“Harry,” Liz said, “has no idea how to get next to people. His personality holds them off, his expression seems nailed on. Though he’s not as stuffy when he’s drinking, not nearly as boring. I think he’d love to be a stallion and get it on with the mares all day.”
“What do you do,” Raylan said, “go to teas?”
She said, “Yeah, I love tea,” and turned to the maid coming into the sun parlor with a pitcher of martinis and a bowl of anchovy olives.
They were both on the sofa now with the drinks, a cushion between them, the pitcher on the cocktail table, Liz still talking about Harry.
“He’d have a few and he and Cuba would do their Boss and Darky show. Harry scolds him for what he’s wearing, and Cuba says, ‘But, Boss, is your missus dresses me,’ and everyone in the Keeneland bar howls.”
“Why don’t you get the horse people,” Raylan said, “to call you Liz?”
She said, “It wouldn’t work. It would sound like Liz Taylor in Tin Roof. She had that Hollywood southern accent, like everybody’s from Virginia.”
“You like acting a little nuts,” Raylan said. “So does Cuba, the kind of action he gets into.”
“He was funny,” Liz said. “We had all day to talk, if we wanted, Harry at the stables. We didn’t meet to have sex, if that’s what you’re thinking.”

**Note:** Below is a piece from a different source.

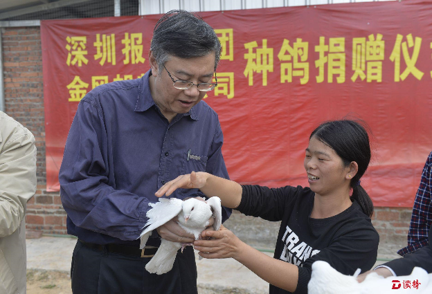根據(jù)報(bào)業(yè)集團(tuán)“因戶制宜一戶一策”“一個(gè)黨支部結(jié)對(duì)一戶貧困戶”的安排,鐘仿明選擇養(yǎng)鴿脫貧,兩年多來(lái),集團(tuán)金風(fēng)帆物業(yè)公司共計(jì)為他送來(lái)四批480對(duì)種鴿,還請(qǐng)來(lái)深圳光明農(nóng)場(chǎng)的技術(shù)員,對(duì)他進(jìn)行技術(shù)培訓(xùn)。“480對(duì)種鴿全部成活!”1月20日下午,看到親自來(lái)送種鴿的陳寅等報(bào)業(yè)集團(tuán)領(lǐng)導(dǎo),鐘仿明拿出一面錦旗,非常激動(dòng)地說(shuō):“感謝黨的好政策,感謝深圳報(bào)業(yè)集團(tuán)的真心幫扶!”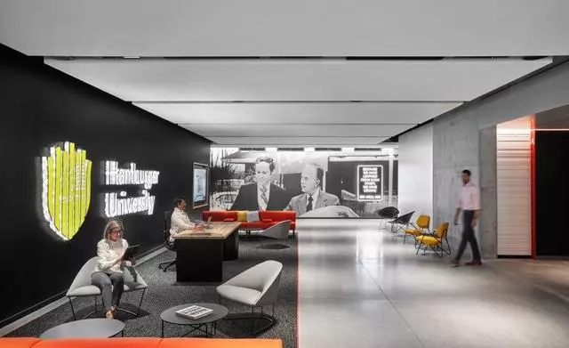 麥當(dāng)勞的新總部被設(shè)想為企業(yè)總部的一部分,以及部分文化中心,學(xué)校和歷史博物館。IA室內(nèi)建筑師設(shè)計(jì)的經(jīng)典工作區(qū)和會(huì)議室與O+A工作室設(shè)計(jì)的工作區(qū)互動(dòng),具有酒店場(chǎng)所的外觀和感覺(jué)。根據(jù)設(shè)計(jì)團(tuán)隊(duì)的說(shuō)法,每個(gè)建筑手勢(shì)都可以獨(dú)立運(yùn)作,并與周?chē)目臻g合作。

He was, but shook his head.
“Cuba was funny.”
“I believe it,” Raylan said.
“I’ll be honest with you,” Liz said. “It did happen now and then, but not on a regular basis. It would just, you know, happen, begin fooling around, you’d be crazy to stop.”
Raylan said, “I’ve known that experience.”
“You understand,” Liz said, “Cuba’s a street guy, but very natural about it. I never had to ask what he was talking about. He told me what it was like in prison. He told me the difference between black chicks and white girls in bed”—Liz grinning till she said—“he told me about meeting someone, a girl.”
“A white girl,” Raylan said.
“He wouldn’t say but I knew she was. He’d say, ‘What difference is it I see this person once in a while. I’m not gonna marry her.’ He always called her ‘this person.’ We’d meet and I’d have martinis or daiquiris, or pack the shaker with ice and pour in bourbon, sprinkle some sugar . . . And he walked out on me. I couldn’t believe it.”
“I can’t either,” Raylan said. “This was about the time he left?”
“Disappeared.”
“I told you he’s selling kidneys?”
“I don’t believe that.”
“He sells them for ten thousand each.”
“Really?”
“He’s done it three times, with help.”
“You mean the girl?”
“I think she’s here at UK Medical.”
“A doctor?”
“A transplant nurse.”
Liz edged over the table to refill their glasses and drop in olives, saying, “This is getting good. You’re looking for the nurse, thinking he might’ve mentioned her to me, but he didn’t.” Liz handed Raylan his drink and sat back with her own, nodding. “I’ll bet she’s fat.” She sipped her drink and said, “Why are so many women who work in hospitals overweight?”
“I’ve noticed,” Raylan said. “Why are they?”
“He could have met her,” Liz said. “Cuba drove Harry to Chandler at least twice to have his kidneys checked. They still work, despite all he drinks. He’d bitch, order the nurses around. One of them wouldn’t give him his favorite dope and he tried to get her fired. I can’t remember her name.”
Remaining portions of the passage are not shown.